SOURCE DATA below:

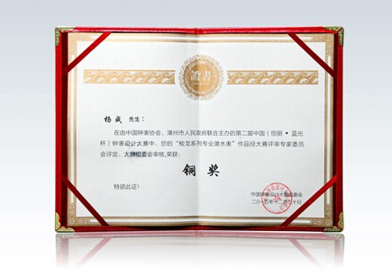 2015年12月21日,国内最具权威的中国钟表设计奖项——中国蓝光杯钟表设计大赛颁奖典礼在福建·漳州隆重举行。中国钟表协会、漳州市人民政府、龙文区人民政府等相关领导为获奖选手进行现场颁奖。整个颁奖典礼热烈隆重,获奖作品一次又一次震撼了与会嘉宾,赢得了现场嘉宾阵阵掌声。
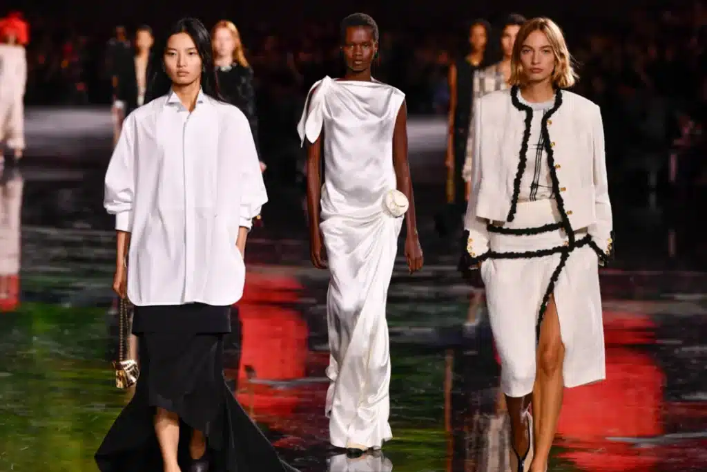 On the runway, Cloud Dancer pairs seamlessly with ink navy and metallic bronze. This combination signals quiet luxury without leaning into overt opulence. Tailoring feels modern. Accessories feel considered.
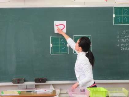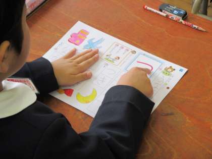 それを見て、子どもたちもいっしょうけんめい書いています。

End of SOURCE DATA.

• TASK DIRECTIONS
Please produce an exact copy of the listing, omitting the pictures.

• TASK RESPONSE
 2015年12月21日,国内最具权威的中国钟表设计奖项——中国蓝光杯钟表设计大赛颁奖典礼在福建·漳州隆重举行。中国钟表协会、漳州市人民政府、龙文区人民政府等相关领导为获奖选手进行现场颁奖。整个颁奖典礼热烈隆重,获奖作品一次又一次震撼了与会嘉宾,赢得了现场嘉宾阵阵掌声。
 On the runway, Cloud Dancer pairs seamlessly with ink navy and metallic bronze. This combination signals quiet luxury without leaning into overt opulence. Tailoring feels modern. Accessories feel considered.
 それを見て、子どもたちもいっしょうけんめい書いています。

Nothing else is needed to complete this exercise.